The hydrogen molecule (H₂) VQE circuit is probably the most-reproduced quantum chemistry calculation in existence. It's in every textbook, every tutorial, every framework's getting-started guide.

Mine had a bug.

The qubit Hamiltonian — the standard five-term parity-mapped form (II, IZ, ZI, ZZ, XX) with 2-qubit reduction on an STO-3G basis set — included a two-body interaction term with an incorrect coefficient. The affected coefficient was small enough that the optimized energy still looked plausible, so the error never surfaced in testing. O'Malley et al. (2016) use a related but different Hamiltonian form (Bravyi-Kitaev with both XX and YY terms); my bug was in the parity-reduced variant commonly used in Qiskit tutorials.

I only caught it by re-deriving the Hamiltonian from second quantization and comparing term-by-term.

Takeaway: "It gives the right answer" is not the same as "it's correct." When the error is in a small coefficient, the optimized energy can look plausible even though the Hamiltonian is wrong — making these bugs incredibly hard to catch through testing alone.

This was one of six findings from auditing every circuit I'd built. Here's the full story.

Why I Did This

Last year I started building QubitHub — a free tool I use while learning quantum computing. I'd put together 50 circuits covering everything from Bell states to VQE to Grover's search, across three frameworks: Qiskit (IBM), PennyLane (Xanadu), and Cirq (Google).

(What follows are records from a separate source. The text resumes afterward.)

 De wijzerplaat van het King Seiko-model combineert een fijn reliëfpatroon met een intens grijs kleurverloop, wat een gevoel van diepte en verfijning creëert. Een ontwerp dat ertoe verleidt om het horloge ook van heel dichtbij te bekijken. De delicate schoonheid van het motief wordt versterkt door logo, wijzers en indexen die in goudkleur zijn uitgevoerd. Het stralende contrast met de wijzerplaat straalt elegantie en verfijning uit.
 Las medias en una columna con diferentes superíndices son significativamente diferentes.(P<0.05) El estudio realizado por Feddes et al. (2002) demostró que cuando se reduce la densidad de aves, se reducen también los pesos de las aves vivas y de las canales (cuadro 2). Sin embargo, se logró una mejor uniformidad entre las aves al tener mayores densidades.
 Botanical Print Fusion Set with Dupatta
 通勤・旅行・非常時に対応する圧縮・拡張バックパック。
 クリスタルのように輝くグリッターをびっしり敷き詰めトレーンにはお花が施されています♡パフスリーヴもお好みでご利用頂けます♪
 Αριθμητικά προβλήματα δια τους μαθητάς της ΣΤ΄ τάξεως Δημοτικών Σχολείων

Most ran. Most produced output. But did they actually work correctly?

I didn't know. And that bothered me.

So I did something that felt slightly obsessive: I audited every single circuit. Not just "does it run" — but "is every gate correct, is every parameter justified, and could someone else reproduce why this circuit does what it claims?"

The audit took several weeks of evenings and weekends — five phases, from basic execution verification to cross-cutting consistency checks. All circuits were tested on simulators (Qiskit Aer and framework-native backends), not real hardware.

The Library

50 deliberately curated circuits — not scraped from tutorials — across 11 categories: algorithms (Deutsch-Jozsa, Grover's, Phase Estimation), entanglement and communication (Bell State, Teleportation), quantum chemistry (VQE variants for H₂ through BeH₂), machine learning (variational classifiers, kernel methods), optimization (QAOA for MaxCut, TSP, Portfolio), error correction (bit-flip through Surface Code), variational ansatze, and research reproductions of landmark papers.

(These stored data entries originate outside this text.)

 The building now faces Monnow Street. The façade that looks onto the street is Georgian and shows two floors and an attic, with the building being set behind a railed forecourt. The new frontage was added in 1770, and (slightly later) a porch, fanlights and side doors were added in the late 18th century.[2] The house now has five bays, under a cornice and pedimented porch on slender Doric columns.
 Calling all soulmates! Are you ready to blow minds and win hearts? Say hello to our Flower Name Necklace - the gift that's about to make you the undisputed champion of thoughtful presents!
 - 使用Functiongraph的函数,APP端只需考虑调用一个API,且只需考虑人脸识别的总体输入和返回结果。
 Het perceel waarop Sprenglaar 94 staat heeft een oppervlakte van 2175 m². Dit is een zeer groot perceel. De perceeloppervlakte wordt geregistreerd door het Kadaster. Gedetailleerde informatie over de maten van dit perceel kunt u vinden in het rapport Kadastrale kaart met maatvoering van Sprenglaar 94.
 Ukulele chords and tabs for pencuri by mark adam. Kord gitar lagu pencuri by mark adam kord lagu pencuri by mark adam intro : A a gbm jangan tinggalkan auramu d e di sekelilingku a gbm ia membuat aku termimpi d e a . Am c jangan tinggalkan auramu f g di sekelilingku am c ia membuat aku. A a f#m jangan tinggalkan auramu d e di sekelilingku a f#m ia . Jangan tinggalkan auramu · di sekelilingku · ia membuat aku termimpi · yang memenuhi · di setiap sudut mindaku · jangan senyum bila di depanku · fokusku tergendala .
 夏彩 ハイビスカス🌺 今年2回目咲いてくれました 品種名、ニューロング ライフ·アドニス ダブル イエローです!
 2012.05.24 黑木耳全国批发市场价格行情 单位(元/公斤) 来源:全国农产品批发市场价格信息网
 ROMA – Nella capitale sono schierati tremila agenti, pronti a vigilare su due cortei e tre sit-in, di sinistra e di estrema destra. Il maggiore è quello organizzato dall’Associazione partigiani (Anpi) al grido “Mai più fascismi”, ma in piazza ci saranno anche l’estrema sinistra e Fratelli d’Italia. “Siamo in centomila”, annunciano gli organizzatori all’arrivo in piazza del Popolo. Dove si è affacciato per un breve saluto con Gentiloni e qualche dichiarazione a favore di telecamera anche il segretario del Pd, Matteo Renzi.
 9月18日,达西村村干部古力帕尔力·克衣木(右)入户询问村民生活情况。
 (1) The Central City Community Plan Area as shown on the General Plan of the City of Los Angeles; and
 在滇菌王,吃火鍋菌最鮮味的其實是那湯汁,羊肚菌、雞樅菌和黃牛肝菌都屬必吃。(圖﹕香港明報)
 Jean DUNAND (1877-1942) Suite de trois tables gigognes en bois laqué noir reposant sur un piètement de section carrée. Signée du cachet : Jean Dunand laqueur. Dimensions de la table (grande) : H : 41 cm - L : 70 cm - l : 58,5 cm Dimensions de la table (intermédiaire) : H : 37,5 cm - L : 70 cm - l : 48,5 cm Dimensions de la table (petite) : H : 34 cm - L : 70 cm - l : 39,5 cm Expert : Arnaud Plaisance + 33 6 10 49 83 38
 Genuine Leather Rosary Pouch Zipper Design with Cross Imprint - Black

37 in Qiskit, 7 in PennyLane, 6 in Cirq.

Finding #1: Dependency Updates Break Circuits

The first thing I did was run every circuit. 46 out of 50 passed. The 4 that failed were all PennyLane circuits, but for two different reasons. Three failed because a NumPy update changed array creation semantics — PennyLane's autograd ArrayBox wrapper was rejected with a confusing "invalid array creation" error. The fix was to use PennyLane's own pnp.stack and pnp.mean instead of bare NumPy functions.

The fourth — a data re-uploading classifier — timed out during training. It used manual finite differences (~96K QNode calls) where the paper used analytic gradients. The fix was switching from manual finite differences to PennyLane's built-in gradient optimizer, cutting the QNode workload dramatically.

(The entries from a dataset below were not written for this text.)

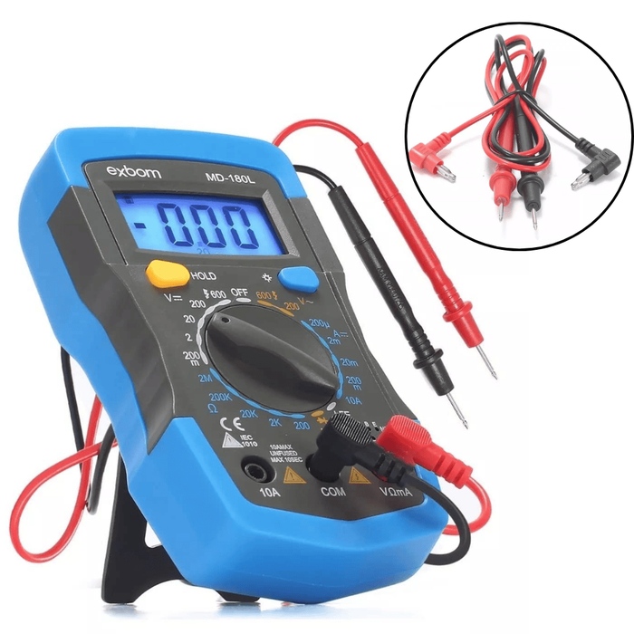 Ideal para eletricistas, técnicos e entusiastas, este multímetro digital portátil oferece medições precisas de tensão, corrente e resistência, garantindo análises seguras e eficientes. Seu design compacto e ergonômico aliado ao visor de fácil leitura com luz de fundo azul facilita o uso em qualquer ambiente, mesmo com pouca iluminação.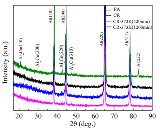 Based on the XRD patterns in Figure 8, the dislocation density of the CR and CR-373K samples was calculated by the Williamson–Hall method [15] and shown in Table 1. As shown in Table 1, the dislocation density of the CR-373K samples was reduced compared with that of the CR samples as a result of recovery caused by aging. For example, the dislocation density in the CR samples was 1.4 × 1015 m−2 while the dislocation density in the CR-373K (420 min) and CR-373K (1200 min) samples were 5.0 × 1014 m−2 and 3.9 × 1014 m−2, respectively. In addition, a θ′-Al2Cu precipitate peak with increased intensity was observed in the CR-373K samples (Figure 8). The relative intensities of the peaks in the CR-373K (1200 min) samples were higher than those in the CR-373K (420 min) and CR samples, indicating that the density of θ′-Al2Cu in the CR-373K (1200 min) sample was higher, which was consistent with the TEM results in Section 3.2.2.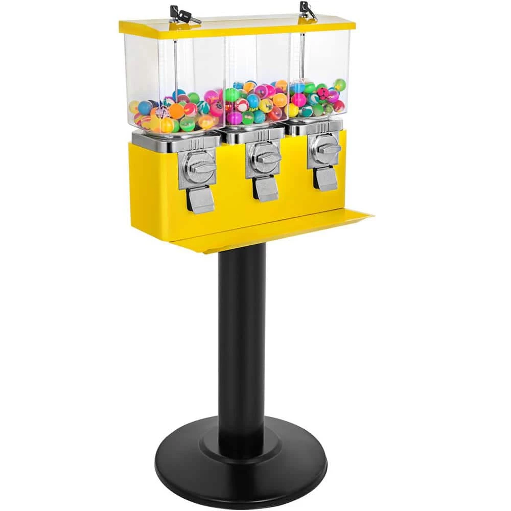 The VEVOR Candy Vending Machine DispenserSuperior a triple pod candy gumball machine available for 350 gumballs, bouncy balls or 1 in. round capsules, 8-10 lb. of candy for each tank. With the interchangeable pod system, it is quite quick and easy to refill. Suitable for both free standing and countertop usage.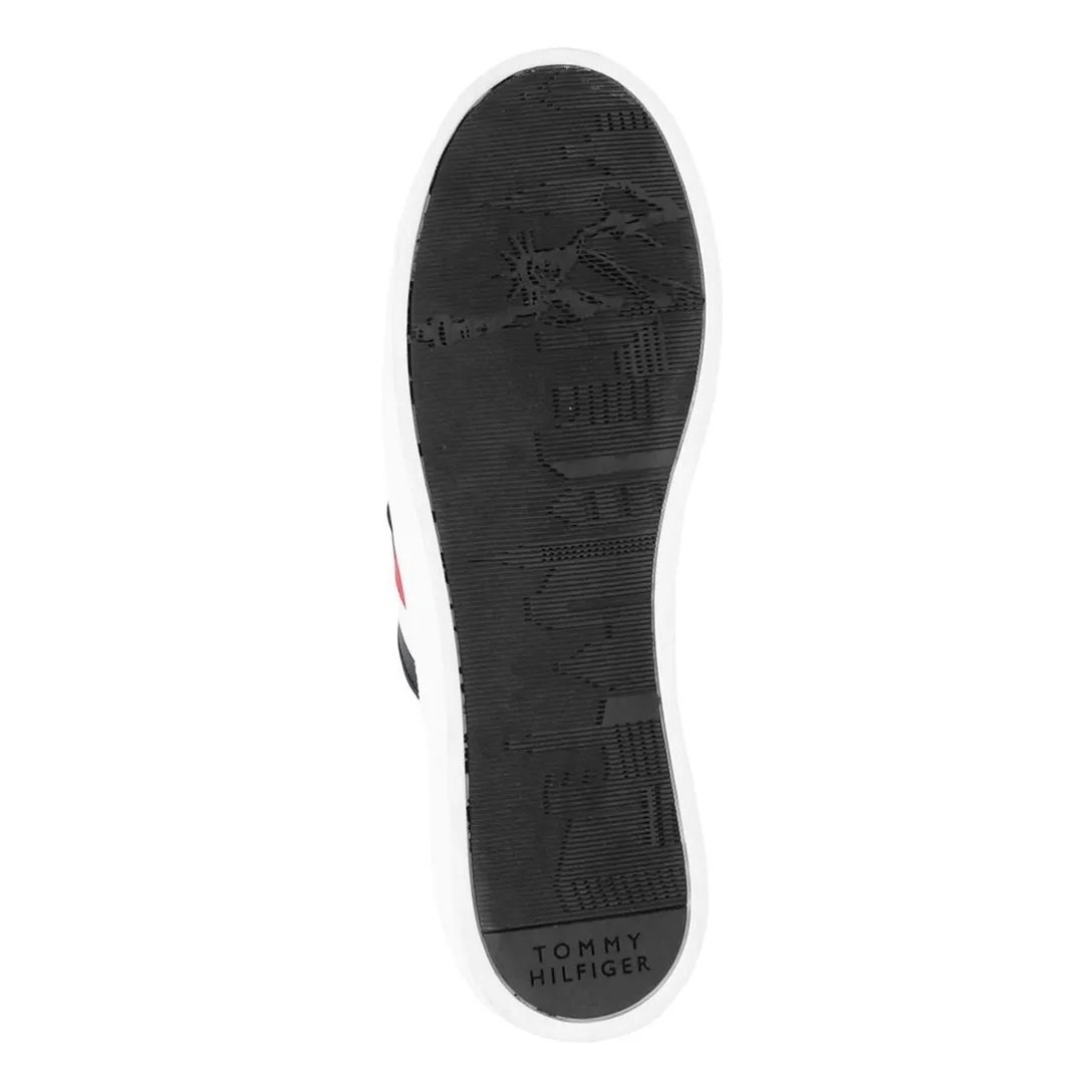 A palmilha também exibe a estampa da marca, e na parte posterior do calçado, a icônica bandeira da HILFIGER está aplicada, destacando a autenticidade do modelo. O bico arredondado contribui para o conforto e a estética atemporal do design.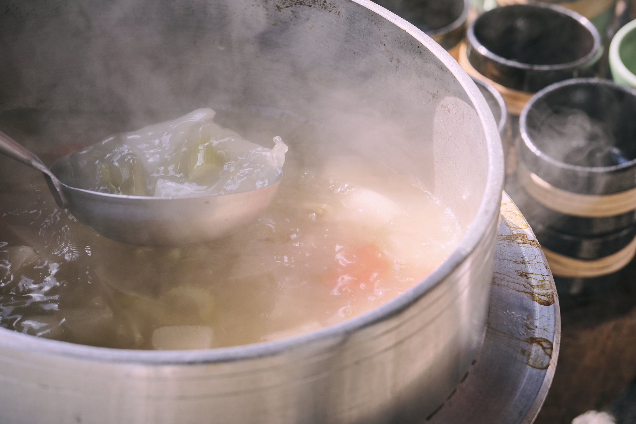 這一碗湯從我們剛抵達的時候就已經冒著煙燉煮著,時不時的就會聞到香味!但在還沒掀開蓋頭來之前,誰都料不到這鍋湯到底藏著什麼好料。直到上菜前排隊領湯的時候才知道,這一碗是在地的三菜一湯(野菜3選一)可續湯、換野菜。樸實的滋味相當甘甜,調味單純暖心也暖胃

Takeaway: Framework version pinning matters enormously in quantum computing. A circuit that works on Monday can break on Tuesday because a dependency updated. This is exactly the kind of problem I keep running into while learning — and why I started putting circuits on QubitHub where I could track what worked with which versions.

Finding #2: The VQE Hamiltonian Bug

(Described above — the most surprising finding.)

Finding #3: Ordering Conventions Cause Subtle Bugs

Qiskit uses little-endian qubit ordering — qubit 0 is the rightmost bit in a measurement string. Different frameworks handle ordering differently (Cirq, for example, uses explicit qubit_order parameters rather than a fixed convention). If you port code between frameworks without accounting for this, results silently change.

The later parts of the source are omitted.